This invention relates generally to tree-based searching of a knowledge base, and more specifically, to the use of local memory to improve the speed of the searching process.
Many different applications require a search of a large data base of elements, also referred to as a knowledge base, to locate a match with a given search object. In certain applications the search object and the elements of the knowledge base comprise a string of binary bits. An example of such an application is a bridge in a communications system.
A typical communication system includes a number of devices or nodes that communicate over a plurality of connections. The system is organized into a plurality of local connections with a limited number of nodes associated with (connected to) each local connection. A network of bridges interconnects the local connections so that each device can communicate with other devices not associated with the same local connection. The bridge for each local connection monitors input traffic from other bridges in the network to determine if traffic originating at another bridge is addressed to a node connected to it locally. In response, the bridge provides a path that allows the information to pass through to the local connection. Similarly, when information is sourced from the local connection to an external destination node, the bridge allows the information to pass from the local connection to the next bridge on the path to the destination node.
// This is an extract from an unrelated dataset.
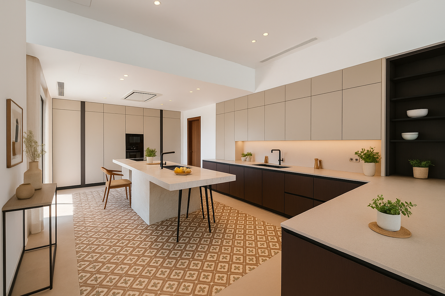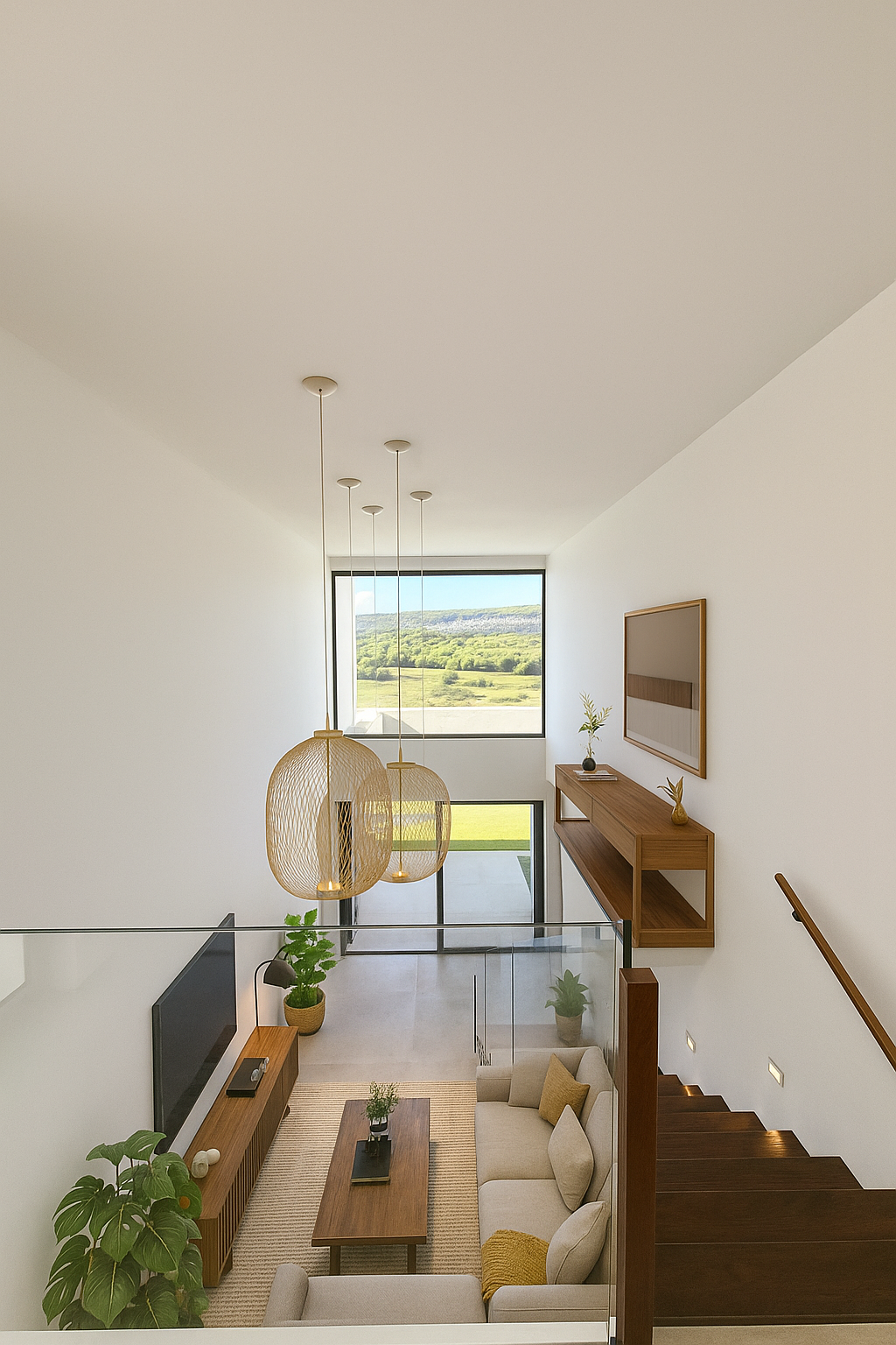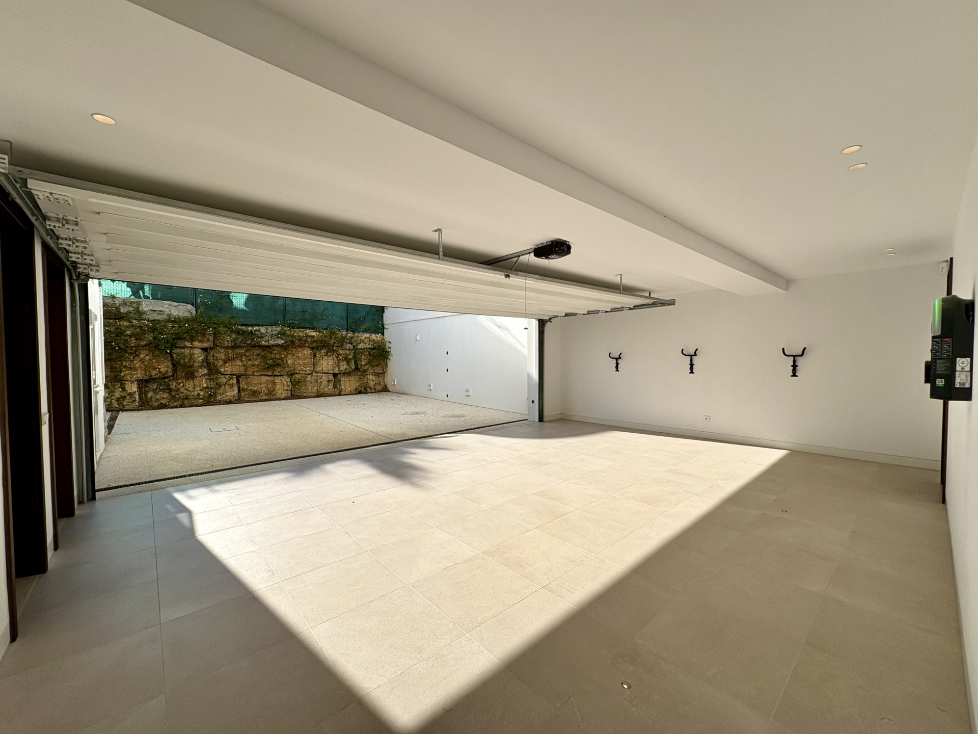 Die Residenz verfügt über fünf großzügige Schlafzimmer-Suiten, die jeweils auf Privatsphäre und Ruhe ausgelegt sind. Im Zentrum des Hauses liegt das helle, weitläufige Wohnzimmer, das nahtlos auf die Terrassen und den gepflegten Garten übergeht und so ein perfektes Zusammenspiel von Innen- und Außenbereichen schafft. Die separate Küche mit Essbereich, ausgestattet mit modernsten Geräten und edlen Materialien, bildet den idealen Rahmen für das Familienleben ebenso wie für die Bewirtung von Gästen.

Typically, the information carried between nodes is in the form of packets of binary bits that travel from the source node to the destination node across the system. A packet typically includes bits identifying the addresses of the packet's source node and the destination node. In one addressing protocol, the address portion of the packet is 48 bits long, with the remainder of the packet comprising payload information bits.
In certain systems, a bridge monitors both internally generated traffic (i.e., traffic sourced at nodes connected directly to the bridge) and also monitors externally-generated traffic (i.e., traffic sourced at nodes external to the bridge) that is broadcast to all bridges of the network. For example, information broadcast over a local area network may not be intended for all network nodes, but is monitored by each network bridge to determine whether any of the intended destination nodes are connected to the bridge. This analysis is performed by maintaining, at each bridge, a knowledge base with an entry for each of the nodes on the bridge's local connection. Thus the bridge receives externally sourced packets and searches its knowledge base to determine whether the 48-bit destination address matches any of the node addresses located on its local connection. The destination address (i.e., the search object) could have a value of any one of 2^48 or about 280 trillion possible addresses. However, the number of entries in the bridge's knowledge base will be equal only to the number of nodes connected locally to it, and therefore will be significantly less than 280 trillion.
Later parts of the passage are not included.